ゴミ屋敷の掃除が生きがいになった私

今から20年以上前のことです。
私の家の近くには、歳の近い従妹の家がありました。
祖父がお金持ちだったため、結婚祝いに私達孫の家をそれぞれ建ててくれました。
家は近いといっても数多い従兄妹の内のひとりに過ぎず、それほど付き合いが濃かったわけではないのですが、私は日に日にゴミ屋敷化してゆく従妹の家に心配していました。
50坪ほどの庭付きの家。その庭がゴミ袋で溢れ出していたからです。
ゴミ袋にゴミをまとめているのだからゴミの日に出せばいいのに、門を締め切ったまま庭に置きっぱなしにしているので、日に日に増えて行き、庭はすぐに地面が見えなくなりました。
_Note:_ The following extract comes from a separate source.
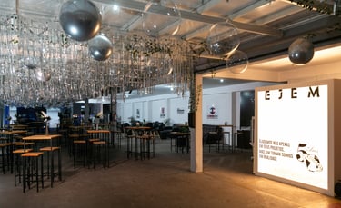 Logo na entrada da festa, todos os convidados passaram pelo túnel do tempo, onde apresentamos os grandes marcos da história da EJEM até os dias atuais. Entre esses marcos estão a fundação da EJEM, uma das primeiras empresas no mundo a receber o AutoCAD R14, a criação do projeto da Uniso, a pioneira em maquetes eletrônicas no interior, a formação do grupo EJEM, e muito mais!

噂を聞いたのか、祖母から様子を聞かれてありのまま伝えると、「みんなで掃除をしましょう」とうことになりました。
翌日、とりあえず私の家におばさん達が集まり、従妹の家を掃除することになりました。
庭だけでなく、やはり家の中もゴミだらけ。
祖母の指示のもと、みんなで大掃除をしました。
最初はこんなにゴミだらけの家がキレイになるのかとウンザリしていましたが、始めてみると、どんどんキレイになってゆく部屋にいつしかやりがいのようなものを覚え、片づけ終わった後には達成感を感じていました。
なんだろう、すごく気持ちいい。
それから私は清掃業務のパートをするようになりました。
汚ければ汚いほどやりがいと生きがいを感じています。